Historically, Lanvénégen belongs to Cornouaille. The village centre is located 31 km north-west of Lorient and 42 km east of Quimper. The river Ellé forms the eastern border of the commune. Apart from the village centre, there are about eighty hamlets. Most of the hamlets consist of two or three houses but others are larger like the villages of Vetveur, Lanzonnet and Quinquis.

===Neighbouring communes===

Lanvénégen is border by Meslan to east, by Le Faouët to north, by Guiscriff to west and by Querrien to south.

==Demographics==
Inhabitants of Lanvénégen are called in French Lanvénégenois.

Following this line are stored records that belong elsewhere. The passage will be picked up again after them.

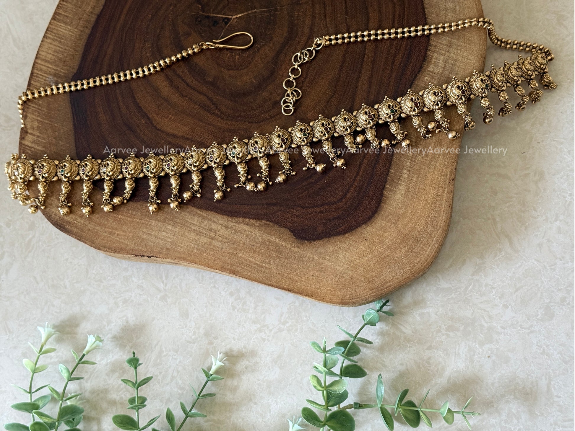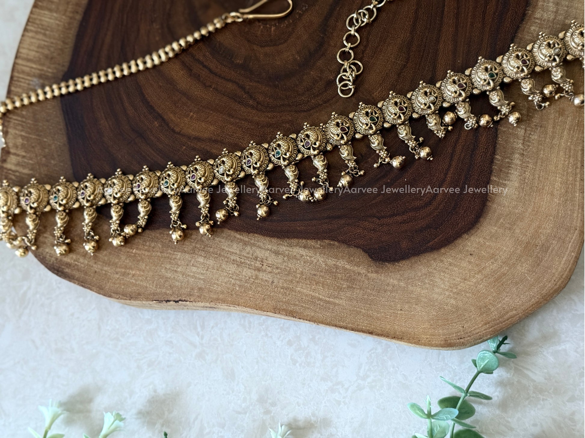 Traditional Gold Waist Chain with Peacock Motif and Matching Gold Beads
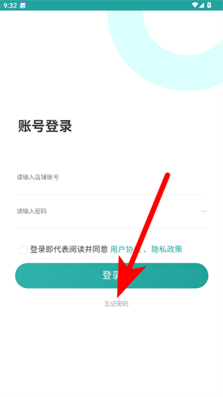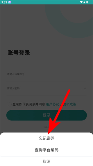 1、在快跑者app賬號登錄頁面,點(diǎn)擊忘記密碼選項(xiàng),彈出功能菜單。
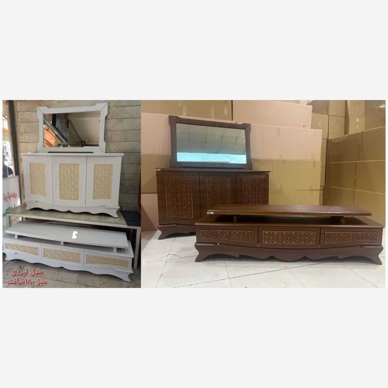 #ست لیزری 🌱جنس کامل ام دی اف 🌱کیفیت عالی 💸اینه کنسول 💸میز تیوی180سانت 💸جاکفشی ♦️مدیریت و ثبت سفارش👇🌱 دارای کد تخفیف هزینه ارسال مشتری عزیز قبل از خرید از قسمت چت استعلام قیمت بگیرید. ارسال از طریق باربری بیمه شده به سراسر کشور
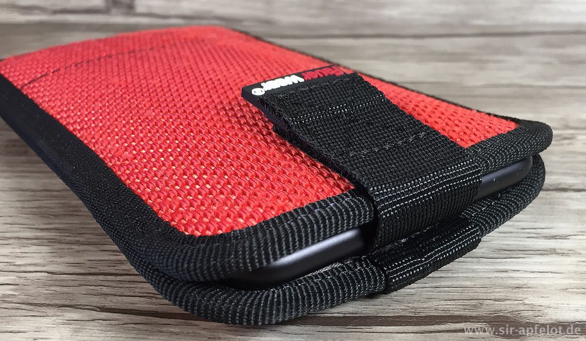 In der Praxis ist der Kletterverschluß als Sicherung über dem iPhone (siehe rechtes Foto oben), so dass ein versehentliches Rausrutschen vermieden wird. Gleichzeitig dient das Sicherungsband dazu, um mit einem leichten Zug das iPhone ein Stück aus der Hülle zu befördern, so dass man es mit den Fingern greifen und komplett rausziehen kann.
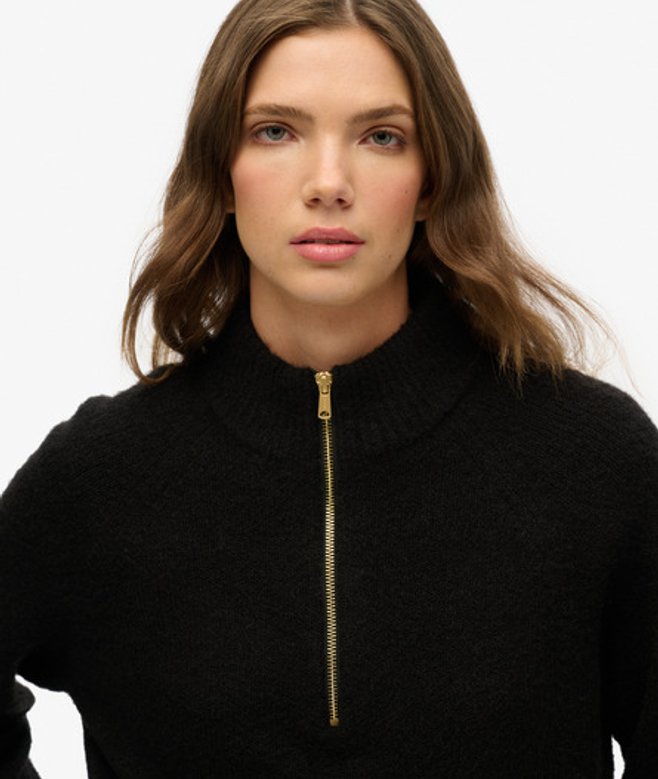 Superdry Women's Brushed Half Zip Jumper Black | ricciano UNITED KINGDOM
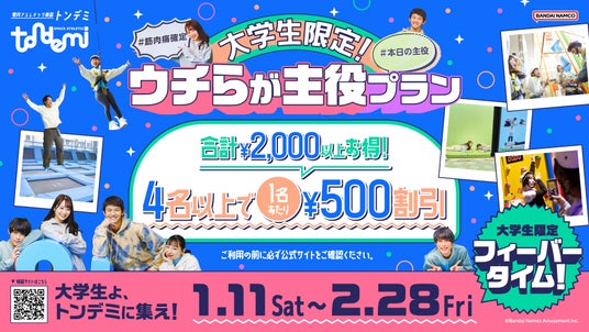 株式会社バンダイナムコアミューズメントは、屋内アスレチック施設『トンデミ』にて、2025年1月11日(土)から2月28日(金)の期間中、大学生(※1)4名以上でトンデミを利用すると1名あたり500円割引になる大学生限定「ウチらが主役プラン」(※2)を実施します。

Lanvénégen's population peaked at 2,790 in 1926 and declined to 1,145 in 2023. This represents a 59% decrease in total population since the peak census figure.

==List of places==

| * Bec an Naic * Bec en Allée * Bellevue * Bourgeal * Boutel * Boutel Bihan * Boutel Bras * Bruguel (le) * Caraizic * Caraizic d'en Bas * Caraizic d'en Haut * Castellou * Chapelle (la) * Cleustrou * Cleuziou * Croix de Keroual * Croix Neuve * Douar Roux * Goahel (le) * Gossal * Guernbrigent * Guernléoret * Guern Vihan * Kaolins (les) * Keranna * Kerbouer | * Kerbrestou * Kerdellec * Kerendreut * Kerfatic * Kergaouidal * Kergariou * Kergoff d'en Bas * Kergoff d'en Haut * Kerhargour * Kerhellou * Kerhern * Kerhouarn * Keriel * Kerihuel * Kerisole * Kerivarch * Kerizac * Kerlégant * Kerlen * Kerliou * Kerman * Kerminé * Kernégont * Keroual d'en Bas * Keroual d'en Haut * Keroué d'en Bas | * Keroué d'en Haut * Kervennec * Lanzonnet * Léonas * Lescréant * Lijou (le) * Loge Coucou * Métairie de Lescréant * Minébrienne * Minégroes * Minéguen * Minémeur * Minériou * Moulin Baden * Moulin de la Coutume * Moulin de la Trinité * Moulin du Pont Lédan * Moulin du Rest * Moulin de Lescréant * Moulin de la Villeneuve * Ninèze * Nordrehan, * Parc er Gat * Pénéven * Penquer * Petit Keriel | * Pont St Melaine * Prezal Puz * Quilliou * Quilloten * Quinquis * Resteninic * Restou * Rhède (le) * Roscoat * Rosquéo * Rozangat * Saint Georges * Saint Melaine (chapel) * Saint Quijeau * Saint Urlo, * Stang Pénéven * Sterlé (le) * Toul Bren * Traouguen * Traouman * Ty Bezen * Vetveur * Vetvienne * Villeneuve (la) |

==History==

In 1508, the construction of the current parish church dedicated to Saint Cognogan began. Bertrand du Rusquec, who initiated the work, was its first minister before being appointed rector of Guiscriff in 1514. The oldest surviving parish registers date back to 1637.